I believe we should try to estimate the effort for each task and give them a priority.

Nemo says: Yes! Very important.

I've never worked for a Open Source project but I've been willing to do that since many years, so I'm excited to finally have the chance to do so.

Also, please consider that I'd really love to take part of a Google Summer of Code project, so I will apply for more than one project (mainly Python projects). So could you please tell me if you have already many students interested in this task and if I have high/low chances to get this, so I can focus more on the right projects?

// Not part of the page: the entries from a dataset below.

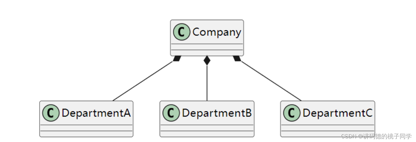 和聚合不同,组合中整体和部分是强依赖的,整体不存在了部分也不存在了。比如公司和部门,公司没了部门就不存在了。但是公司和员工之间属于聚合关系,因为公司没了员工还在。
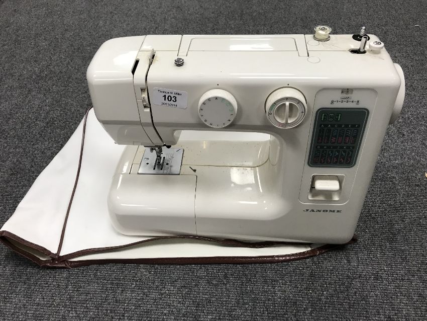 A Janome sewing machine in case and a boxed Quartz wall clock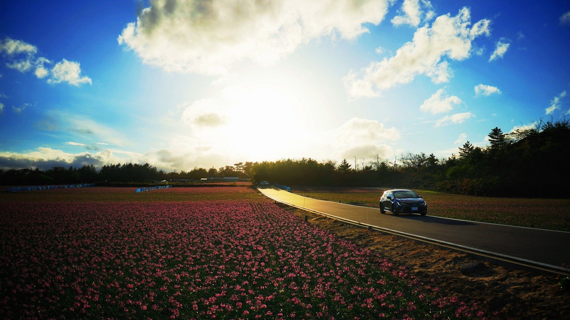 鳥取の特産品の一つ、らっきょう。 意外と知られていませんが、秋にはきれいなピンク~紫色の花を咲かせます。 らっきょう畑とカローラスポーツを逆光で撮影しました。 ※画像は色味など加工しています。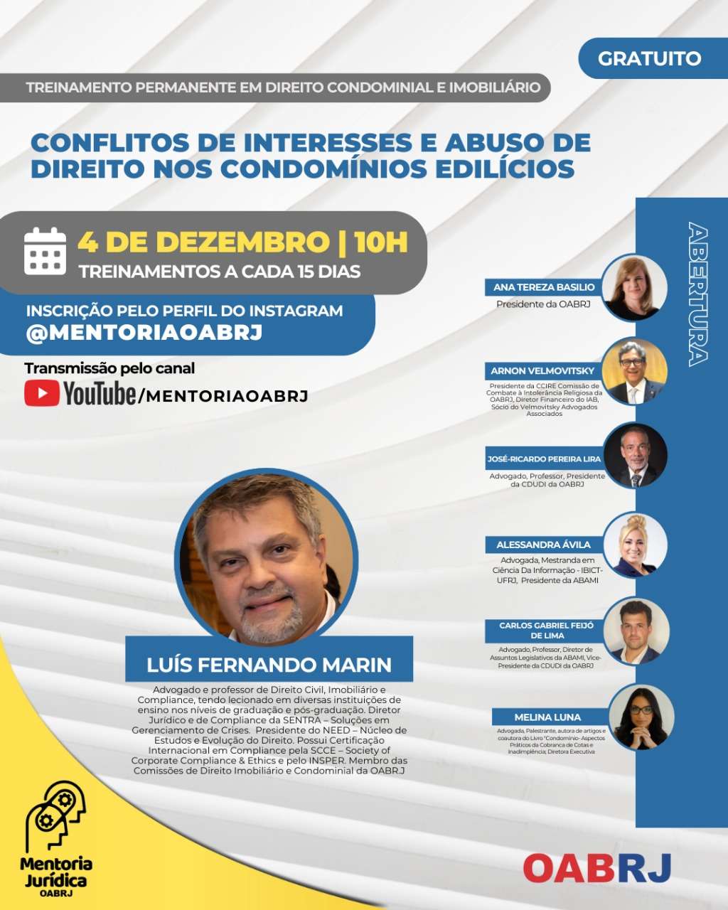 Também estarão no encontro virtual e gratuito, o presidente da comissão de Combate à Intolerância Religiosa, Arnon Velmovitsky, o presidente da CDUDI da OAB-RJ, José-Ricardo Pereira Lira, a advogada Alessandra Ávila, o advogado Carlos Gabriel Feijó, a advogada Melina Luna e o advogado Fernando Marin.
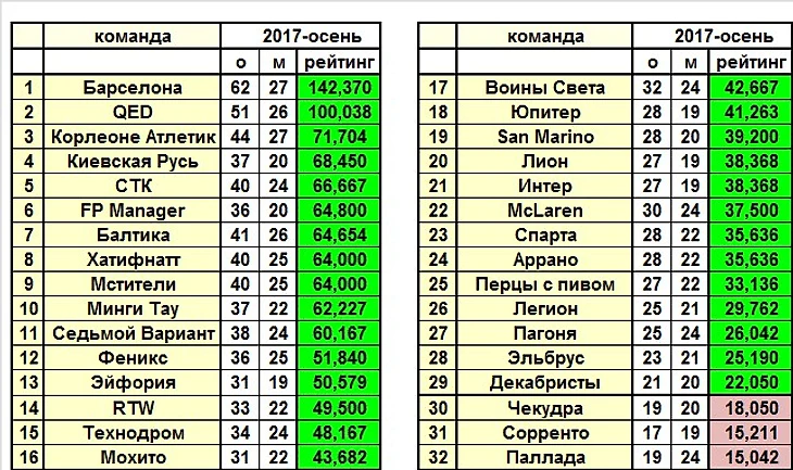 Лучшая команда тура по сумме УВ в целом: Корлеоне Атлетик (19 вариантов)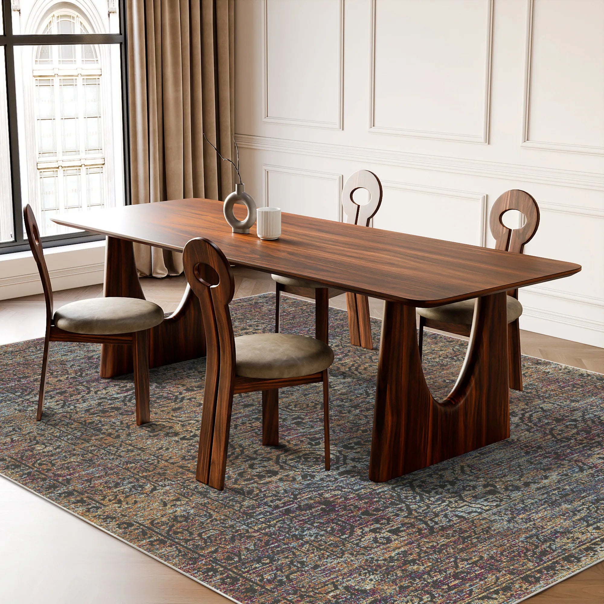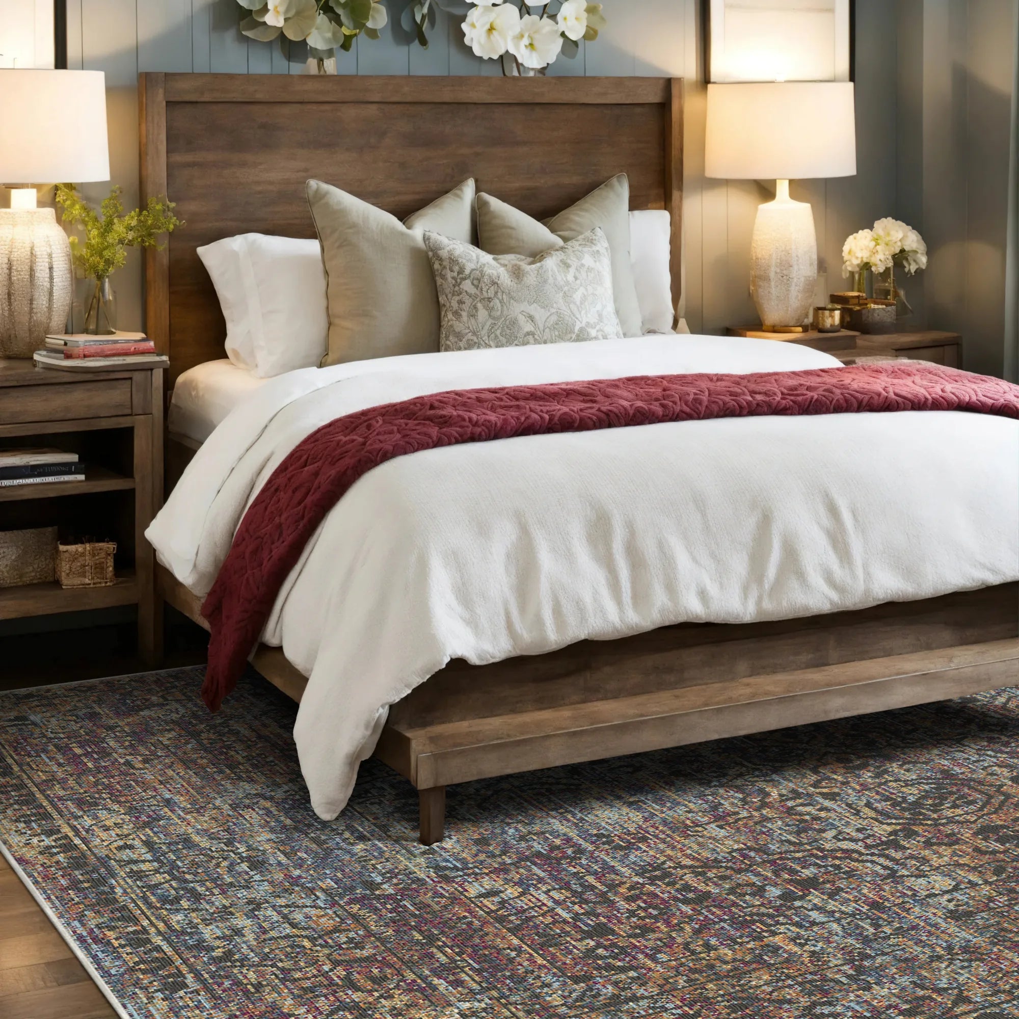 Immerse your space in the moody grandeur and fragmented history of the Obsidian Archive Floral Washable Rug. This design is a masterpiece of the "erased" aesthetic, featuring an all-over sprawl of intricate botanical scrolls and ghost-like medallions that appear to surface and dissolve across the field. The palette is a profound exploration of nocturnal jewel tones, layering deep midnight navy and royal plum with smoldering strikes of rust orange and ochre gold. Masterfully distressed with heavy horizontal striations and an extreme stone-wash patina, the rug possesses the soulful character of a rare antique textile recovered from a shadow-filled archive. It is a peerless choice for a dramatic dining room, a sophisticated library, or a contemporary master suite that demands a bold, high-texture foundation with a mysterious, historical soul.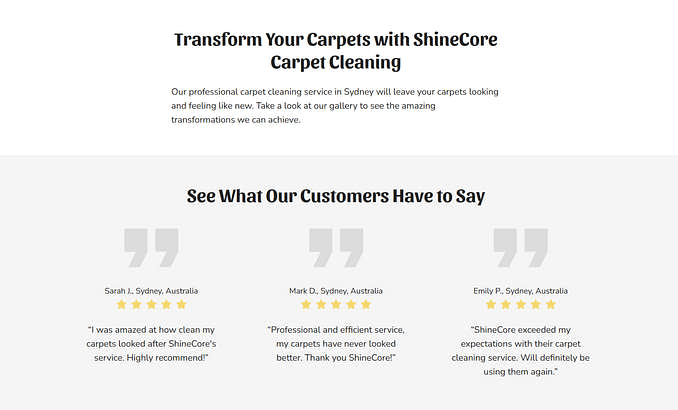 ShineCore is engineered to put your carpet cleaning business at the top of local search results — no coding skills required. Its professional layout and SEO-friendly structure will boost your visibility and help you attract even more customers in your service area.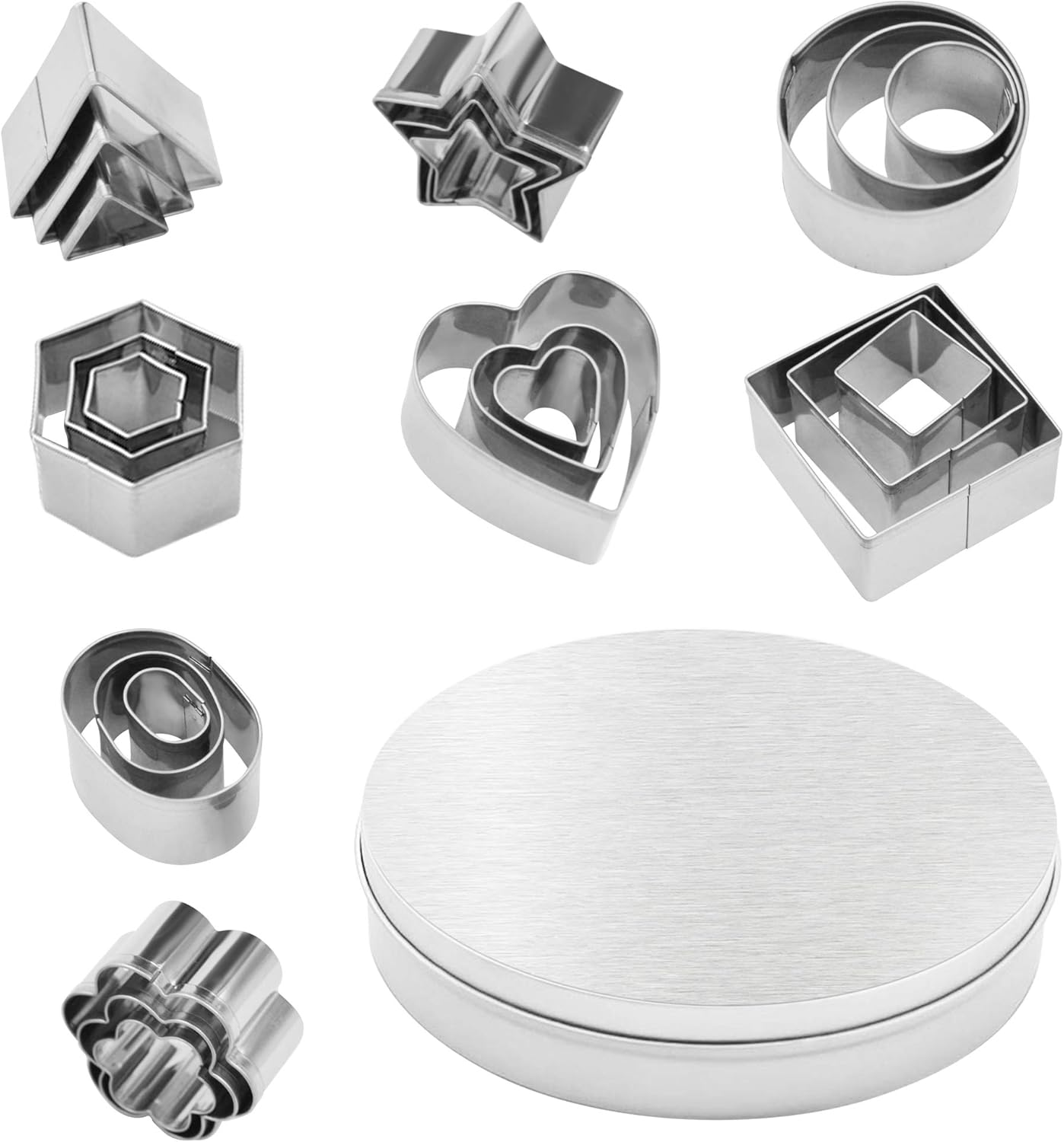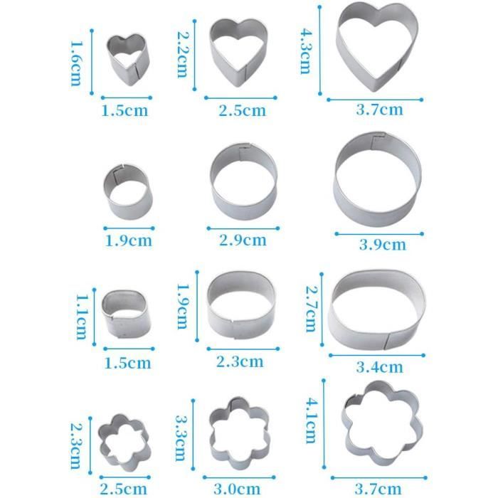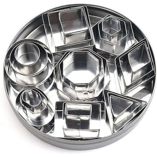 Il peut vous aider à faire des pâtisseries créatives. Cela peut prolonger la durée de vie. Lot 24 Formes Géométriques Ensemble De 5 Emporte-PièCes En De Coeur Saint-Valentin Emporte-PièCe Mini Emporte Piece Emporte-pièces-paquet de 12 ensemble de cuisson en acier inoxydable en... ★ Matériau de sécurité alimentaire : fabriqué en acier inoxydable 430 de qualité alimentaire, il est sûr et sain à utiliser, résistant aux hautes températures, antirouille, pas facile à déformer, et durable. Description du produit : ★ Ustensiles de cuisine parfaits : convient non seulement pour les gourmets, les boulangers, les chefs et autres professionnels, mais aussi pour toute la famille. ★ Contenu de l'emballage : 24 emporte-pièces Service : ★ Nous sommes très confiants dans nos produits. Le bord pliable de l'emporte-pièce et la bonne technologie de connexion peuvent protéger vos mains et vous donner une sensation agréable au toucher. Il y a huit formes, et chaque forme a 3 tailles différentes. C'est une condition préalable pour faire des aliments intéressants avec vos enfants. Il est également adapté pour diverses occasions, telles que les fêtes d'anniversaire, Thanksgiving, Noël, les anniversaires, etc. ★ Taille de la boîte en étain : diamètre 12,5 cm, hauteur 2,5 cm. Matériau de sécurité alimentaire : fabriqué en acier inoxydable 430 de qualité alimentaire, il est sûr et sain à utiliser, résistant aux hautes températures... Comprend des fleurs, des étoiles, des cœurs, des cercles, des carrés, des triangles, des hexagones et des ellipses. Il suffit d'appuyer sur la forme de l'emporte-pièce dans la pâte à biscuits pour démouler facilement et rapidement et maintenir la forme du biscuit. Les parents peuvent profiter de cette occasion pour apprendre aux enfants à connaître plus de formes et à améliorer leurs capacités manuelles. 12 mini emporte pièces métal formes géométriques : Chez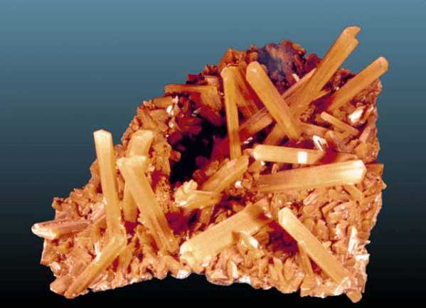 Πρισματικοί κρύσταλλοι γύψου (14 cm). Eisleben, Harz, Γερμανία. Photo: Olaf Medenbach, The Magic of Minerals. |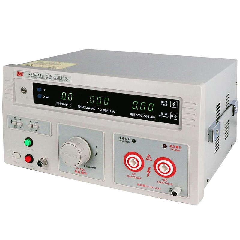 美瑞克RK2671系列耐壓測試儀是測量耐壓強度的儀器,可以直觀、準確、快速地測試各種被測對象的擊穿電壓、漏電流等電氣安全性能指標,并可以作為高壓源用來測試元器件和整機性能。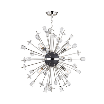 Liberty starts with a core of matte-black metal, banded round its middle with a flashing contrast from the piece's finish of choice-brass or nickel. Retro coil Bulbs in ballooning clear glass create the primary light source;in larger models, tubular exposed-filament Bulbs alternate. Cut-crystal discs and icy handcrafted glass adorn protruding rods, refracting the dazzling light in a thousand directions.,Liberty starts with a core of matte-black metal, banded round its middle with a flashing contrast from the piece's finish of choice-brass or nickel. Retro coil Bulbs in ballooning clear glass create the primary light source;in larger models, tubular exposed-filament Bulbs alternate. Cut-crystal discs and icy handcrafted glass adorn protruding rods, refracting the dazzling light in a thousand directions.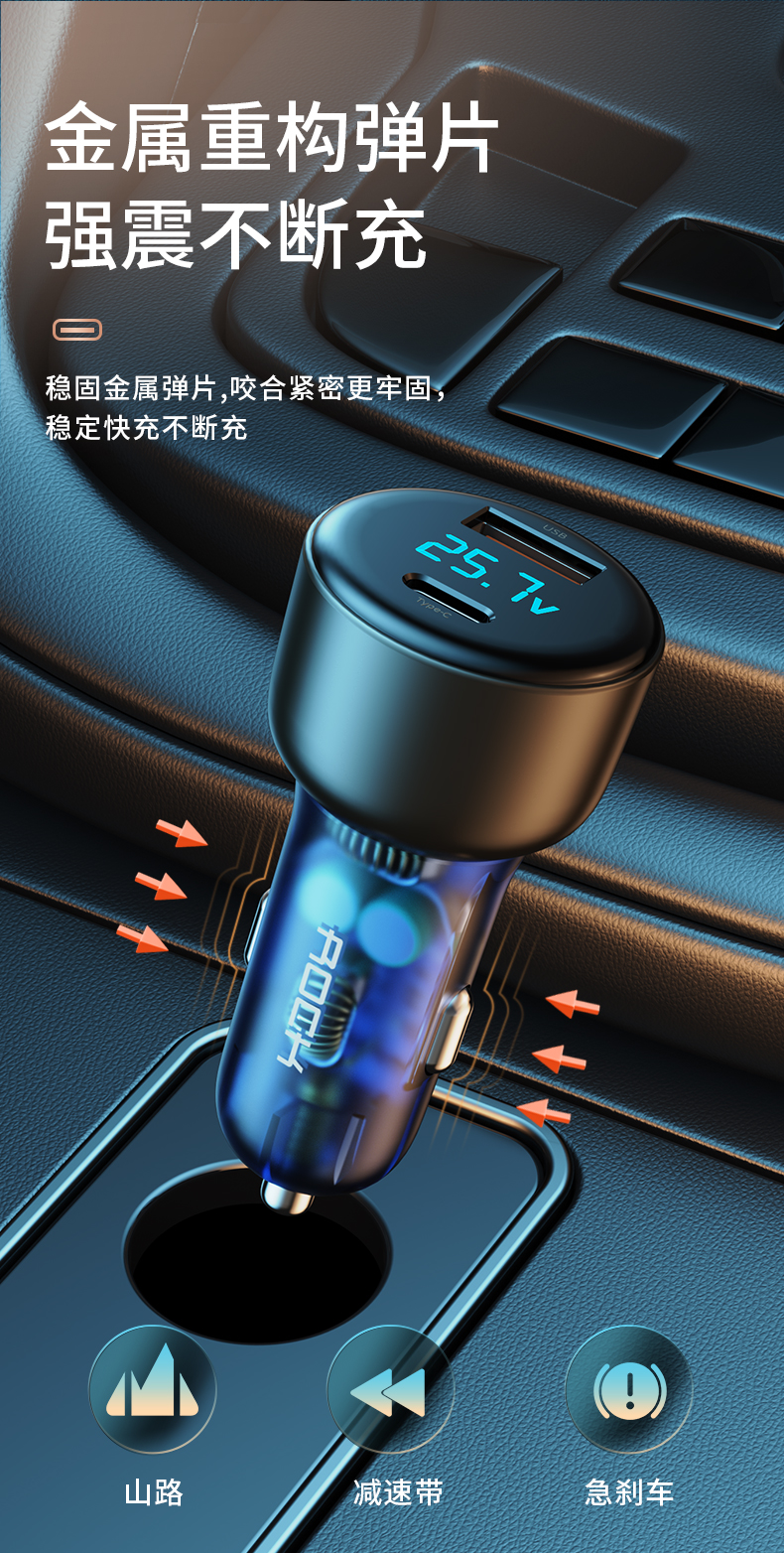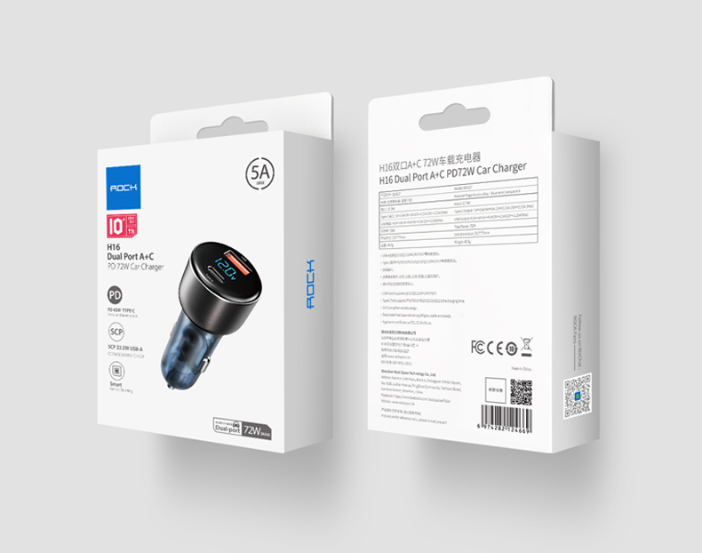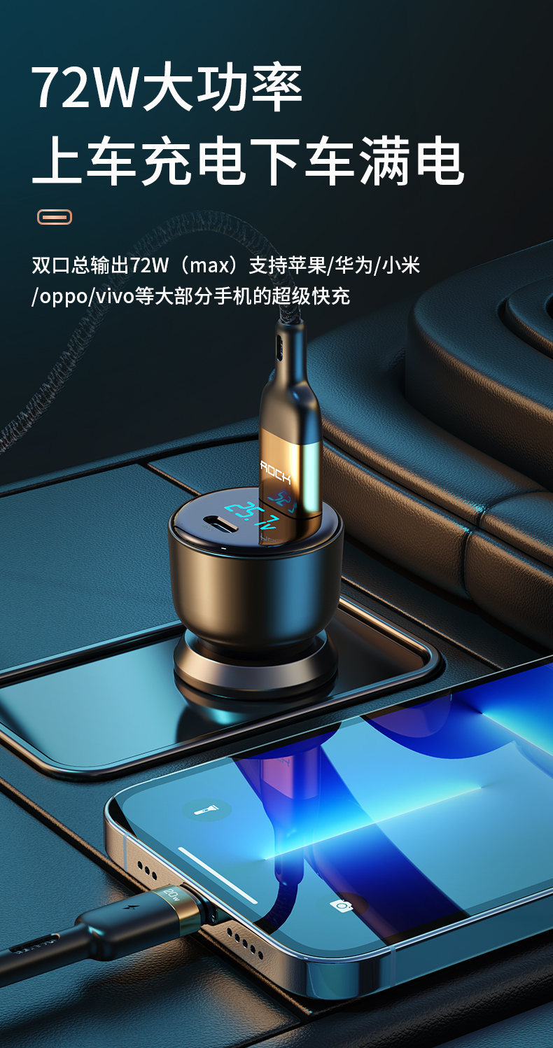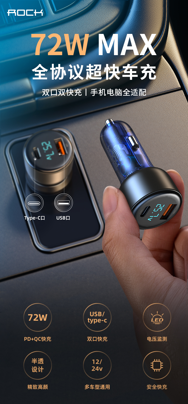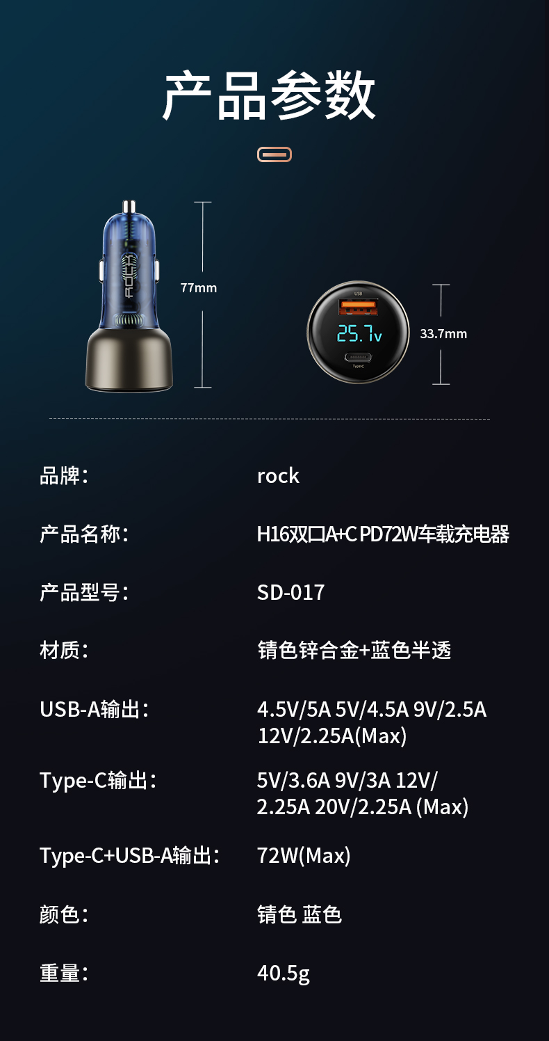 ROCK H16 A+C双口 PD72W 数显车载充电器 SD-017 个 锖色+蓝色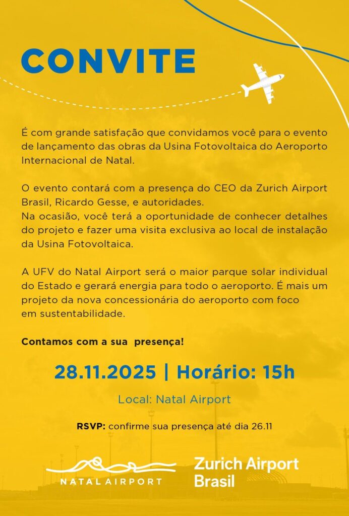 O Aeroporto Internacional de Natal, em São Gonçalo do Amarante, dará início na próxima sexta-feira (28) à construção de sua Usina Solar Fotovoltaica, projeto que reforça o compromisso do terminal com a sustentabilidade e a inovação.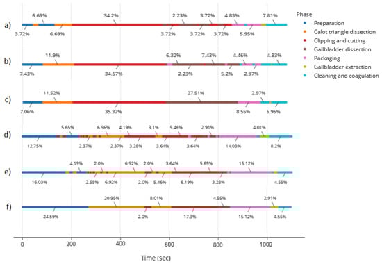 The timeline of phases is especially useful to check whether the procedure was successfully followed. For instance, in the case studied in this work (Figure 6c), we observe that the phases were followed consecutively, except for the packaging phase, where extra cleaning and coagulation was necessary, forcing the surgeon to stop packaging to clean, finish the packaging and clean again to avoid post-surgical complications. The timeline provides a sense of the most time-consuming processes. This could be used, for example, to suggest to the surgeon-in-training the cut off time from a specific phase that could be considered too long.

Nemo says: We have another person interested in this project. We can have multiple persons applying for the same project and your proposal looks more structured, I'd like you to publish it with the tweaks from the answers above (otherwise I have to summarise them myself in the projext idea :P). We also have closely related projects which are instead in PHP, so there may be room for everyone anyway.